In this study, graphene, the most attractive material today, has been applied to the wavelength-modulated surface plasmon resonance (SPR) sensor. The optical fiber sensor technology is the most fascinating topic because of its several benefits. In addition to this, the SPR phenomenon enables the detection of biomaterials to be label-free, highly sensitive, and accurate. Therefore, the optical fiber SPR sensor has powerful advantages to detect biomaterials. Meanwhile, Graphene shows superior mechanical, electrical, and optical characteristics, so that it has tremendous potential to be applied to any applications.
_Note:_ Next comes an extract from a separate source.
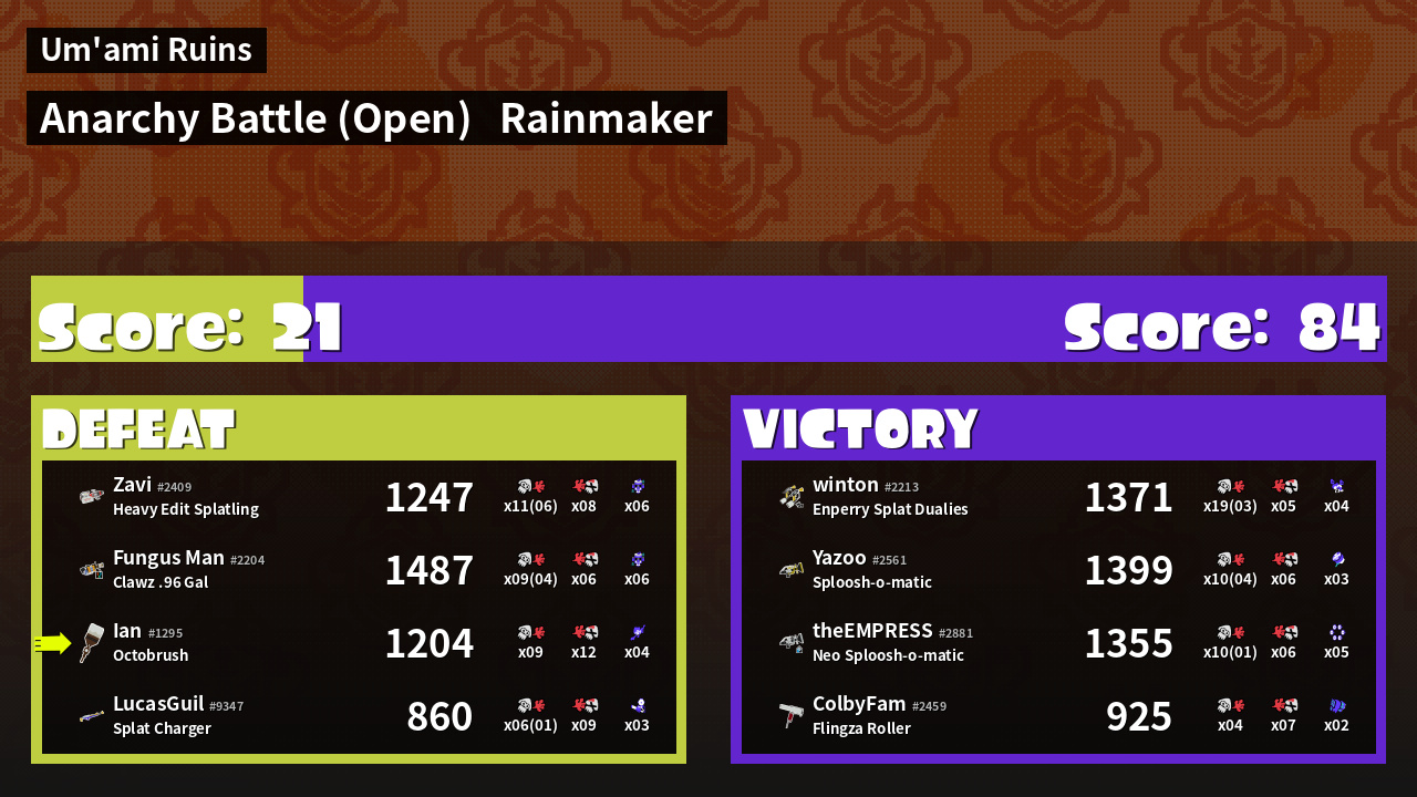 | Mode | Rainmaker - Anarchy Battle (Open) | ||
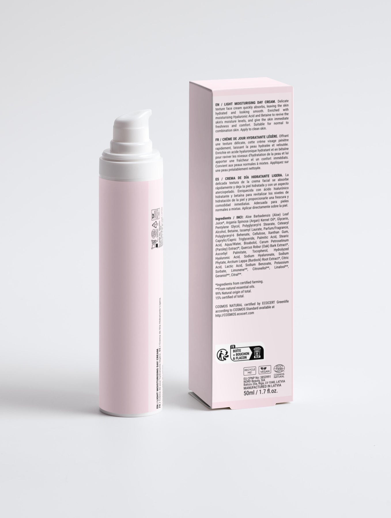 Argan Oil (Active ingredients), Hyaluronic Acid (Active ingredients), Aloe Juice (Active ingredients), Betaine (Active ingredients). INC: Aloe juice, Argan oil, Betaine, Bisabolol, Plant extract, Hyaluronic acid Aloe Barbadensis (Aloe) Leaf Juice➀, Argania Spinosa (Argan) Kernel Oil➀, Glycerin, Pentylene Glycol, Polyglyceryl-6 Stearate, Cetearyl Alcohol, Betaine, Isoamyl Laurate, Parfum, Polyglyceryl-6 Behenate, Cellulose, Xanthan Gum, Caprylic/Capric Triglyceride, Palmitic Acid, Stearic Acid, Aqua, Bisabolol, Carum Petroselinum (Parsley) Extract➀, Quercus Robur (Oak) Bark Extract➀, Ascorbyl Palmitate, Tocopherol, Hydrolyzed Hyaluronic Acid, Sodium Hyaluronate, Sodium Phytate, Arctium Lappa (Burdock) Root Extract➀, Citric Acid, Lactic Acid, Sodium Benzoate, Potassium Sorbate, Limonene➁, Citronellol➁, Linalool➁, Geraniol➁, Citral➁ ➀ Ingredients from organic farming ➁ From natural essential oils

Especially, grapheme has tighter confinement plasmon and relatively long propagation distances, so that it can enhance the light-matter interactions (F. H. L. Koppens, et al., Nano Lett., 2011). Accordingly, we coated graphene on the optical fiber probe which we fabricated to compose the wavelength-modulated SPR sensor (Figure 1.). The graphene film was synthesized via thermal chemical vapor deposition (CVD) process. Synthesized graphene was transferred on the core exposed region of fiber optic by lift-off method. Detected analytes were biotinylated double cross-over DNA structure (DXB) and Streptavidin (SA) as the ligand-receptor binding model. The preliminary results showed the SPR signal shifts for the DXB and SA binding rather than the concentration change.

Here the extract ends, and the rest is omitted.